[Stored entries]

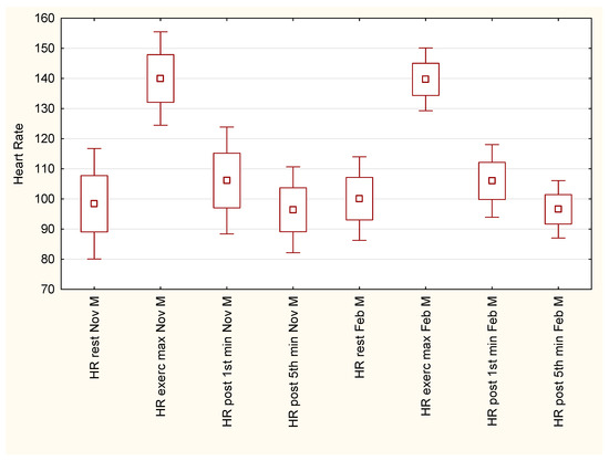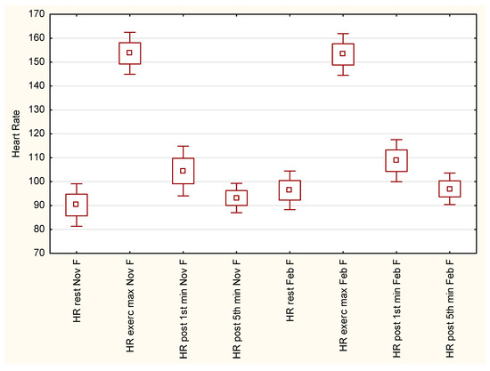Heart-rate values at the 5th minute of post-exercise recovery were even lower than in pre-test conditions, but these changes were insignificant. According to the Tukey post-hoc test, heart-rate variations did not differ substantially between November and February/March measurements.
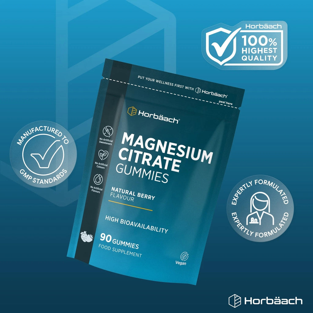 Step up your daily nutrition with Horbaach Magnesium Citrate. This advanced formula delivers 1600mg of Magnesium Citrate, providing 180mg of elemental magnesium in every serving. Just two delicious gummies, taken day or night, offer a convenient and effective way to support your health.
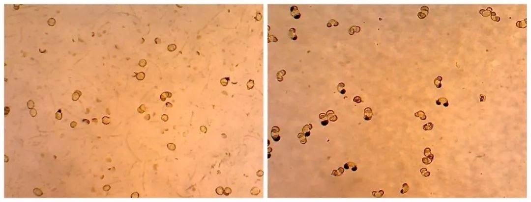 ▲实验后的松花粉:左边由破壁机搅打,右边由搅拌机搅打
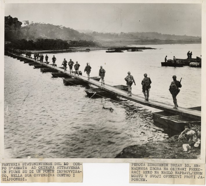 La fanteria statunitense attraversa un fiume su un ponte costruito con delle barche e continua la sua offensiva contro i giapponesi sull'isola di Okinawa.
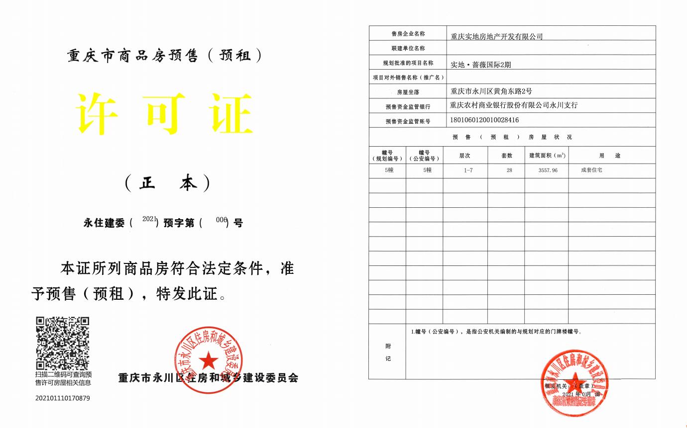 重庆实地房地产开发有限公司开发的实地·蔷薇国际2期项目,位于重庆市永川区黄角东路2号,该项目5幢已具备商品房预售条件,并取得了《重庆市商品房预售(预租)许可证》,证号:永住建委(2021)预字第(006)号。
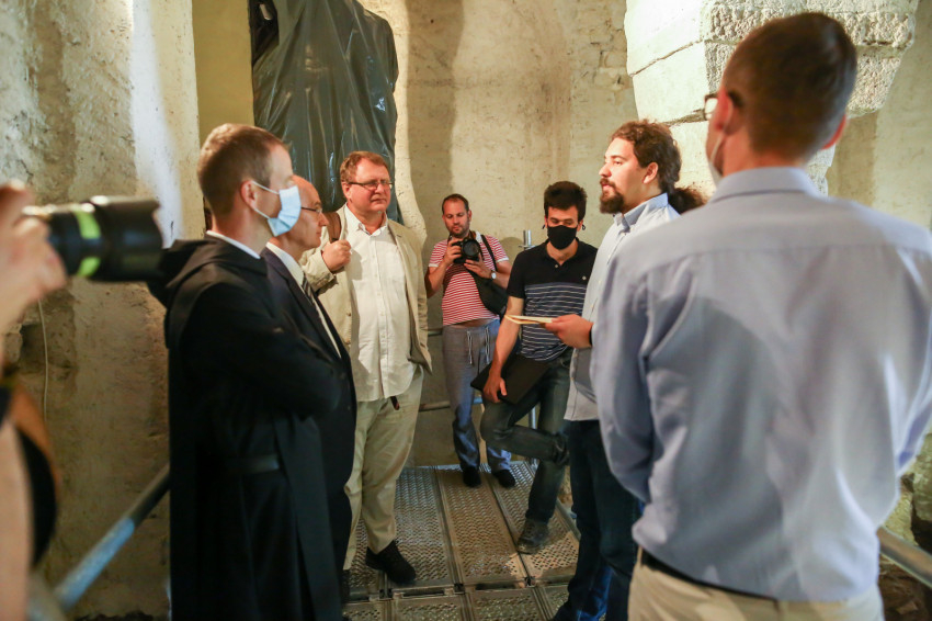 Június 14-én az eddig elvégzett munkák eredményeiről tartottak sajtótájékoztatót az apátság látogatóközpontjában. A Tihanyi Bencés Apátsági Múzeum igazgatója, Barkó Gábor Ágoston vezette be az egyórás – terepbejárással záruló – programot. Először Mihályi Norbert Jeromos perjel kapta meg a szót, aki Lécs Ágoston tihanyi apátnak, a barokk templom építtetőjének portréján szereplő feliratra utalva a „supra firmam petram”, vagyis a „szilárd kősziklára” emelt, királysírt őrző apátság nemzeti és kulturális értékéről, az itt imádkozó bencés közösség aktív spirituális jelenlétéről szólt. Az immár ténylegesen is a „tihanyi sziklaalapot” érintő multidiszciplináris kutatás jelentőségét méltatta, amelynek célja, hogy a kripta – múltjának mélyreható megismerését követően – kutatóinak szakmai konszenzusával a lehető leghitelesebben újuljon meg.
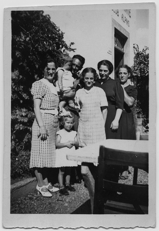 Sorelle Colombo in posa davanti al ristorante Club Alpino
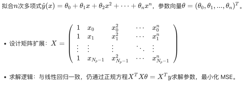 - 二次多项式:设计矩阵包含 1、x、\(x^2\)列,拟合曲线比直线更贴合部分数据波动。
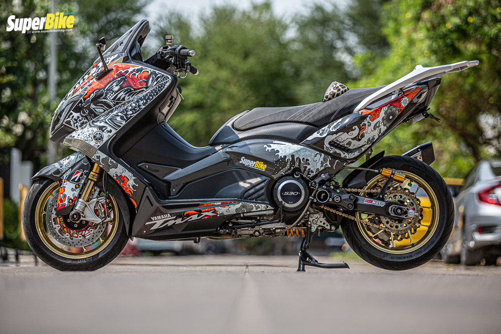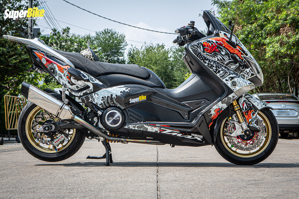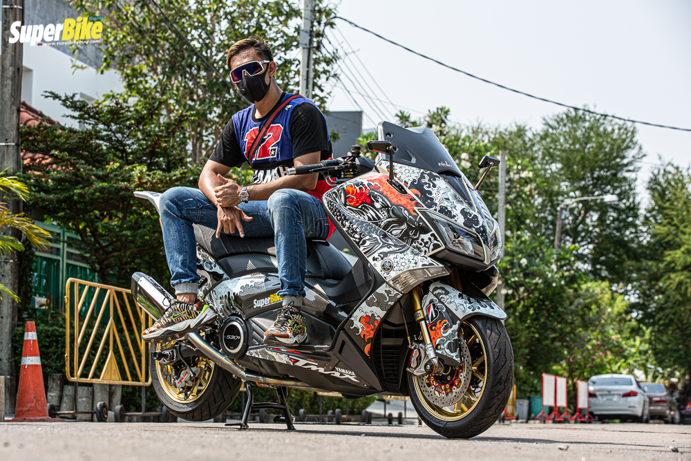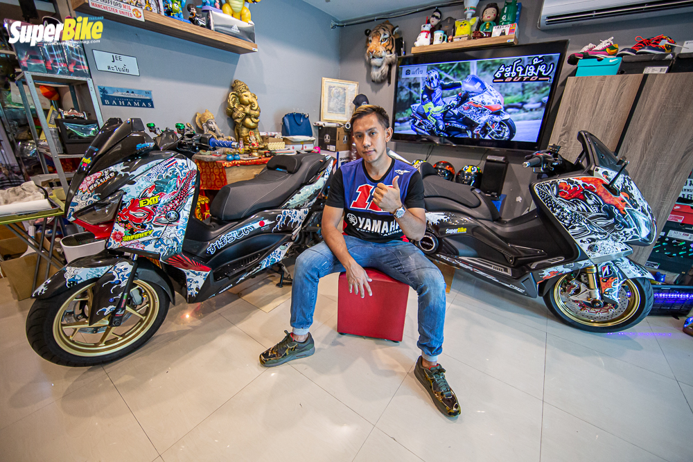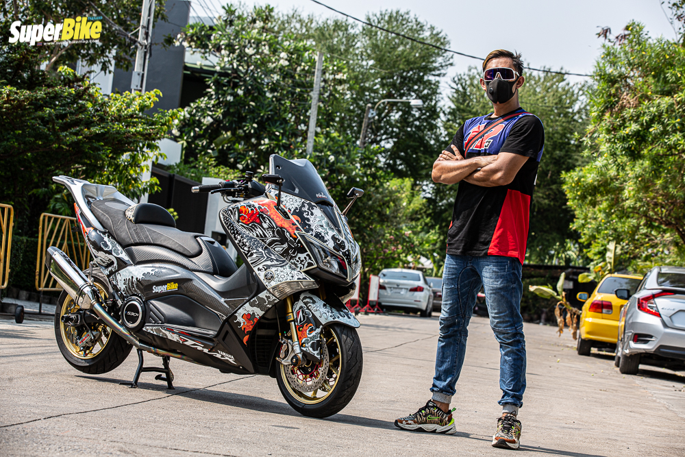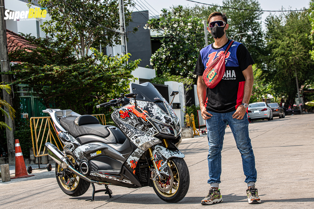 มาเข้าเรื่อง ในส่วนของรถกันบ้างนะครับ ต้องบอกก่อนเลยว่า รถคันแรกในชีวิตของผมเลย ผมขับ Kawasaki ninja zx 9 ครับ และก็ได้ฝันว่าอยากมี บิ๊กสกุ๊ตเตอร์สักคันหนึ่ง จนเวลาผ่านไป ก็ได้มาจับรถสกุ๊ตเตอร์จริงๆจังๆ จนมาเปิดร้าน ”สะโบมั้ย AUTO” เป็นร้านของผมเองเป็นร้านทำรถสกุ๊ตเตอร์โดยเฉพาะ อยู่ที่ซอยรัชดา 32 ส่วนรถสกุ๊ตเตอร์คู่ใจของผมในตอนนี้ ก็คือ เจ้า YAMAHA TMAX 530 ปี 2013 คันนี้นี่เองครับ

## TASK DIRECTIONS
Could you reproduce the entries verbatim, leaving out all pictures?

## EXERCISE OUTPUT
Heart-rate values at the 5th minute of post-exercise recovery were even lower than in pre-test conditions, but these changes were insignificant. According to the Tukey post-hoc test, heart-rate variations did not differ substantially between November and February/March measurements.
 Step up your daily nutrition with Horbaach Magnesium Citrate. This advanced formula delivers 1600mg of Magnesium Citrate, providing 180mg of elemental magnesium in every serving. Just two delicious gummies, taken day or night, offer a convenient and effective way to support your health.
 ▲实验后的松花粉:左边由破壁机搅打,右边由搅拌机搅打
 La fanteria statunitense attraversa un fiume su un ponte costruito con delle barche e continua la sua offensiva contro i giapponesi sull'isola di Okinawa.
 重庆实地房地产开发有限公司开发的实地·蔷薇国际2期项目,位于重庆市永川区黄角东路2号,该项目5幢已具备商品房预售条件,并取得了《重庆市商品房预售(预租)许可证》,证号:永住建委(2021)预字第(006)号。
 Június 14-én az eddig elvégzett munkák eredményeiről tartottak sajtótájékoztatót az apátság látogatóközpontjában. A Tihanyi Bencés Apátsági Múzeum igazgatója, Barkó Gábor Ágoston vezette be az egyórás – terepbejárással záruló – programot. Először Mihályi Norbert Jeromos perjel kapta meg a szót, aki Lécs Ágoston tihanyi apátnak, a barokk templom építtetőjének portréján szereplő feliratra utalva a „supra firmam petram”, vagyis a „szilárd kősziklára” emelt, királysírt őrző apátság nemzeti és kulturális értékéről, az itt imádkozó bencés közösség aktív spirituális jelenlétéről szólt. Az immár ténylegesen is a „tihanyi sziklaalapot” érintő multidiszciplináris kutatás jelentőségét méltatta, amelynek célja, hogy a kripta – múltjának mélyreható megismerését követően – kutatóinak szakmai konszenzusával a lehető leghitelesebben újuljon meg.
 Sorelle Colombo in posa davanti al ristorante Club Alpino
 - 二次多项式:设计矩阵包含 1、x、\(x^2\)列,拟合曲线比直线更贴合部分数据波动。
 มาเข้าเรื่อง ในส่วนของรถกันบ้างนะครับ ต้องบอกก่อนเลยว่า รถคันแรกในชีวิตของผมเลย ผมขับ Kawasaki ninja zx 9 ครับ และก็ได้ฝันว่าอยากมี บิ๊กสกุ๊ตเตอร์สักคันหนึ่ง จนเวลาผ่านไป ก็ได้มาจับรถสกุ๊ตเตอร์จริงๆจังๆ จนมาเปิดร้าน ”สะโบมั้ย AUTO” เป็นร้านของผมเองเป็นร้านทำรถสกุ๊ตเตอร์โดยเฉพาะ อยู่ที่ซอยรัชดา 32 ส่วนรถสกุ๊ตเตอร์คู่ใจของผมในตอนนี้ ก็คือ เจ้า YAMAHA TMAX 530 ปี 2013 คันนี้นี่เองครับ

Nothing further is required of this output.